There seems to be some nuance:

$ cat t2205.cu
#include <stdio.h>
#include <stdlib.h>
#include <stdint.h>

#define characters (8)
#define threads    (992)

const __constant__ uint64_t pow62_tab[9] =
{
    1ull,
    62ull,
    3844ull,
    238328ull,
    14776336ull,
    916132832ull,
    56800235584ull,
    3521614606208ull,
    218340105584896ull
};

__global__ void kernel (uint64_t *res, unsigned i)
{
    *res = pow62_tab [i] / threads;
}

int main (void)
{
    uint64_t a[9] = {0};
    uint64_t n, *n_d = 0;
    cudaMemcpyToSymbol(pow62_tab, a, 9*sizeof(uint64_t));
    cudaMalloc ((void**)&n_d, sizeof (n_d[0]));
    kernel<<<1,1>>>(n_d, characters);
    cudaMemcpy (&n, n_d, sizeof n, cudaMemcpyDeviceToHost);
    printf ("n=%llu\n", n);
    return EXIT_SUCCESS;
}
$ nvcc -o t2205 t2205.cu
$ compute-sanitizer ./t2205
========= COMPUTE-SANITIZER
n=0
========= ERROR SUMMARY: 0 errors
$

In the case where the compile time constant is discovered by the compiler (your posted case), it seems evident that a cudaMemcpyToSymbol could not affect compiled code. But in the case where the compiler doesn’t discover a compile-time constant, it seems that the contents of const __constant__ do get modified.

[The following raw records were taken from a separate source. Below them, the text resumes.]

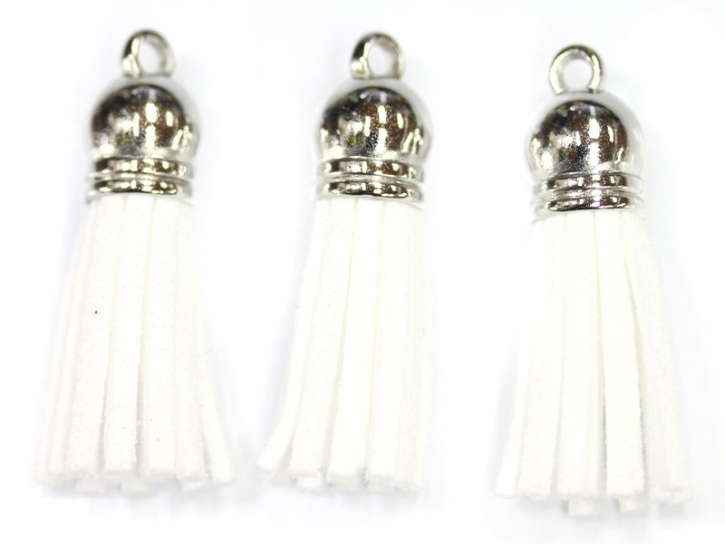 【激安】パーツ・副資材/フェイクレザースエード(スウェード)タッセル/ホワイト×シルバー/約35~40mm/1個
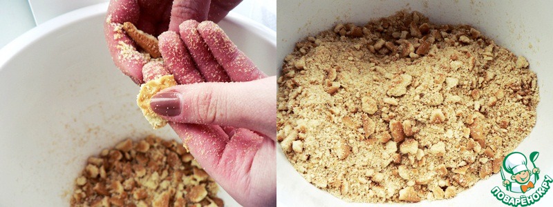 -И тут мой первый совет: не толките печенье скалкой, не пытайтесь поломать сразу же всё количество- ничего дельного не получится, по крайней мере у меня не получилось. Лучше поломать на кусочки каждое печень в отдельности. Результат сэкономленное время, силы, а главное, получите кусочки нужных размеров!
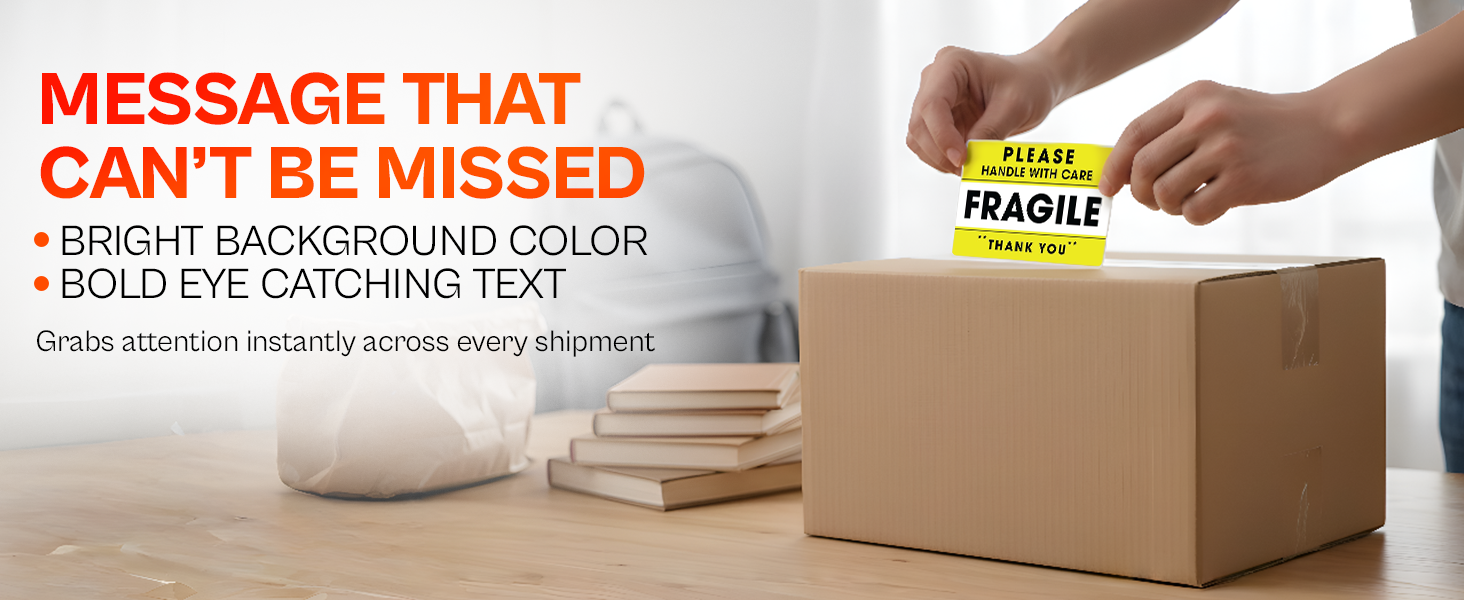 MULTIPURPOSE PACKAGING STICKERS – Ideal for online sellers, warehouses, moving boxes, or personal shipments—use them on cartons containing glass, electronics, ceramics, or other fragile items.

Excellent point. This seems to be a somewhat under-specified part of the CUDA language, and it seems to me the current behavior is somewhat non-intuitive, with inconsistent behavior observed depending on whether a compiler optimization was applied or not. My test program below behaves differently depending on whether it is compiled with -G or compiler defaults. Output with -G:

characters=8, pow62_tab [characters]=218340105584896
n=220100912888
characters=8, pow62_tab [characters]=0
n=0

Output with compiler defaults:

characters=8, pow62_tab [characters]=218340105584896
n=220100912888
characters=8, pow62_tab [characters]=218340105584896
n=220100912888

Wouldn’t it be clearer and more straightforward if trying to apply cudaMemcpyToSymbol() to a const __constant__ object would result in an error?

#include <stdio.h>
#include <stdlib.h>
#include <stdint.h>

#define characters (8)
#define threads    (992)

const __constant__ uint64_t pow62_tab[9] = 
{
    1ull,
    62ull,
    3844ull,
    238328ull,
    14776336ull,
    916132832ull,
    56800235584ull,
    3521614606208ull,
    218340105584896ull
};

uint64_t null_tab[9] = {0,0,0,0,0,0,0,0};

__global__ void kernel (uint64_t *res)
{
    printf ("characters=%d, pow62_tab [characters]=%llu\n", characters,
            pow62_tab [characters]);
    *res = pow62_tab [characters] / threads;
}

int main (void)
{
    uint64_t n, *n_d = 0;
    cudaMalloc ((void**)&n_d, sizeof (n_d[0]));
    kernel<<<1,1>>>(n_d);
    cudaMemcpy (&n, n_d, sizeof n, cudaMemcpyDeviceToHost);
    printf ("n=%llu\n", n);
    cudaDeviceSynchronize();
    cudaMemcpyToSymbol (pow62_tab, null_tab, 9*8, 0, cudaMemcpyHostToDevice);
    kernel<<<1,1>>>(n_d);
    cudaMemcpy (&n, n_d, sizeof n, cudaMemcpyDeviceToHost);
    printf ("n=%llu\n", n);
    cudaDeviceSynchronize();
    return EXIT_SUCCESS;
}

I filed an RFE ( 4014862). I don’t know if anything will come of it.